Lazio'900
Attività da freelance
Serie

Metadati

Tipologia
Sezione
Data
Data:
1960 - 1991
Contenuto
La Sezione è la più cospicua del fondo e comprende gli scatti fotografici di Polimeni realizzati nella sua attività di freelance.
Si tratta di circa 30.000 scatti fotografici su negativo bianco/nero, a cui si aggiungono circa 2.000 diapositive a colori.
Le fotografie riguardano molteplici aspetti della vita politica, civile e sociale dell'Italia dalla fine degli anni Sessanta ai primi anni Novanta.
Per una descrizione più dettagliata, vedi schede introduttive alle Serie.
Strumenti di ricerca
Grazie ai contributi della Direzione generale archivi per la realizzazione di progetti riguardanti interventi da effettuarsi su archivi dei movimenti politici e degli organismi di rappresentanza dei lavoratori o di loro esponenti (del 2022,2024, 2025) l’intera Sezione è stata descritta analiticamente. 
La sezione è descritta a livello di unità archivistica; nel campo Contenuto è stata data una descrizione analitica di ogni scatto fotografico presente. Si è cercato di identificare tutte le persone presenti negli scatti.
Una selezione degli scatti è invece schedata a livello documentale con il tracciato della scheda Fotografie, comprensiva di immagine digitalizzata.
Criteri di ordinamento
La Sezione è giunta in Fondazione Basso (con diversi versamenti) organizzata in buste originali (per lo più dotate di titolo e data) relative a singole iniziative documentate fotograficamente da Polimeni.
Ogni busta contiene i provini a contatto (ovvero stampe di pellicola di negativi nelle loro dimensioni originali), i relativi negativi ed eventualmente alcune stampe fotografiche.
Si è provveduto inizialmente, dopo la donazione, a una mappatura della Sezione, schedando sommariamente ogni busta, che sostanzialmente coincide con un'unità archivistica. Sono stati riportati i titoli originari, con eventuali integrazioni del titolo; sono stati digitalizzati i provini a contatto (anche al fine di poter visionare facilmente il contenuto).
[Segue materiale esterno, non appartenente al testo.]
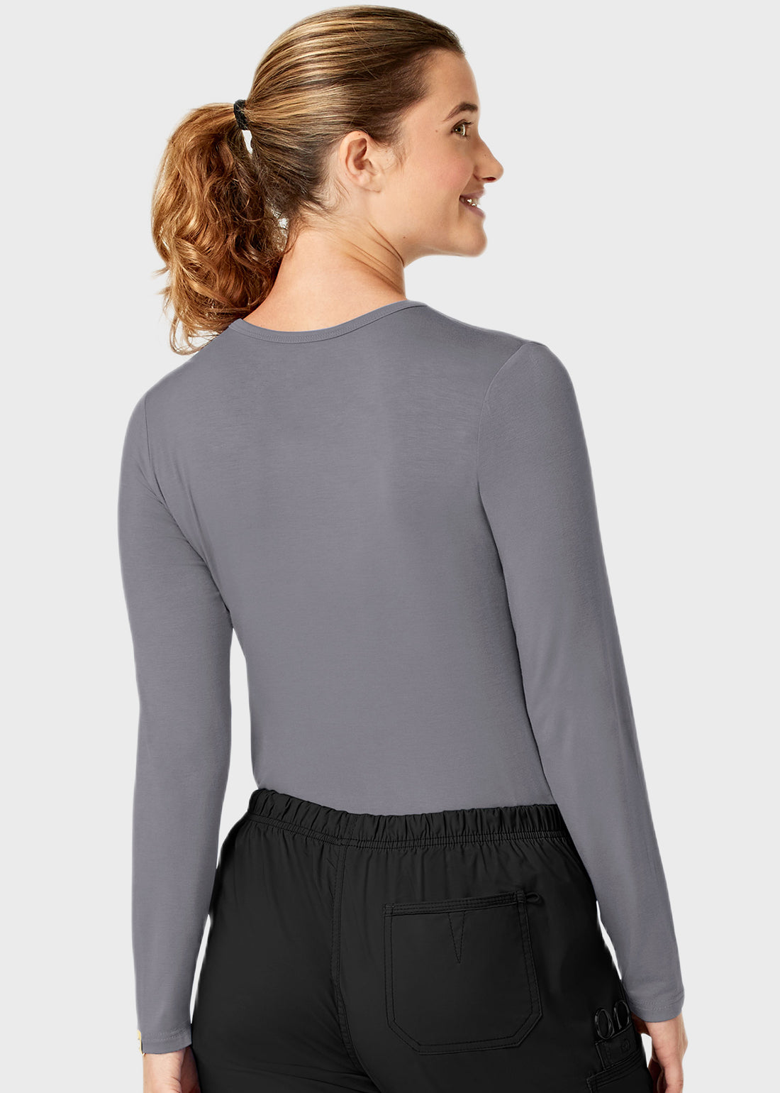 Monotonous scrub tops bother you? Looking for workwear that feels good and looks great? Here you go! WonderWink's round neck and long sleeve tee is the ultimate choice of medical professionals for a comfortable day at work.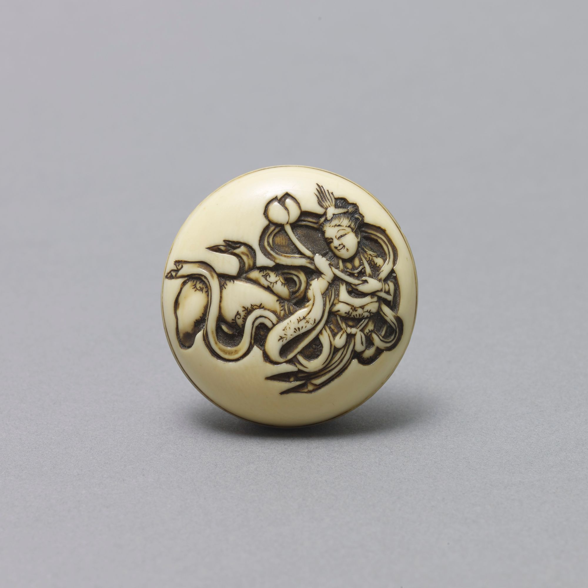 The flying tennin holding a lotus stem with bud in shishiaibori, the reverse similarly carved with a discarded drum and drum-sticks. Rich colour Signed Minkoku. Circa 1860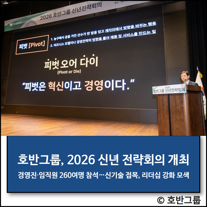 호반그룹은 지난 14일부터 15일까지 양일간 충북 제천 레스트리 리솜에서 '2026 신년 전략회의'를 열고 지난해 사업 성과 점검과 성장 전략을 논의했다고 15일 밝혔다.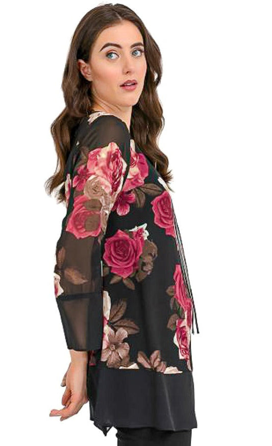 Joseph Ribkoff Black/Wine Floral Print Sheer Zipper Tunic Top - 194680

Tali provini a contatto sono stati numerati; a ogni foglio di provino coincide una bustina contenente i relativi negativi fotografici.
Tra il 2020-2021 è stato realizzato (da Lucia Rosaria Petese) l'ordinamento della Sezione; è stata creata una struttura archivistica che permettesse di organizzare le diverse iniziative fotografate; è stata realizzata una schedatura sommaria per provino a contatto, basata sulle indicazioni originarie di Polimeni riportate sui versi dei provini stessi.
Sono state create le seguenti Serie:
 1. Incontri istituzionali e visite ufficiali, 1965 - 1989
 2. Partiti politici e sindacati, 1966 -1990
 3. Società civile, 1967 - 1989
 4. Conferenze e incontri, 1970 - 1990
 5. Paesi esteri, 1960 - 1981
 6. Ricerche iconografiche per pubblicazioni, 1985 - 1986
 7. Raccolta di materiali, 1985 - 1991.
Nel 2022, grazie al contributo della Direzione generale archivi - per la realizzazione di progetti riguardanti interventi da effettuarsi su archivi dei movimenti politici e degli organismi di rappresentanza dei lavoratori o di loro esponenti -  è stato possibile digitalizzare e schedare analiticamente la Sottoserie 1 - PCI della Serie 2; nel 2024, ancora grazie al contributo della Direzione generale archivi è stata completata la digitalizzazione e schedatura analitica della Serie 2 e della Serie 3.
Nel 2025, ancora grazie al contributo della Direzione generale archivi si è potuta portare a compimento la digitalizzazione e schedatura analitica della Sezione, completando con le Serie 1 e Serie 4-6.
Piuttosto complessa è risultata la fase di numerazione e denominazione degli scatti fotografici, al fine di ottenere la precisa corrispondenza e tra negativo fisico (e relativi provini a contatto), file immagine e descrizione.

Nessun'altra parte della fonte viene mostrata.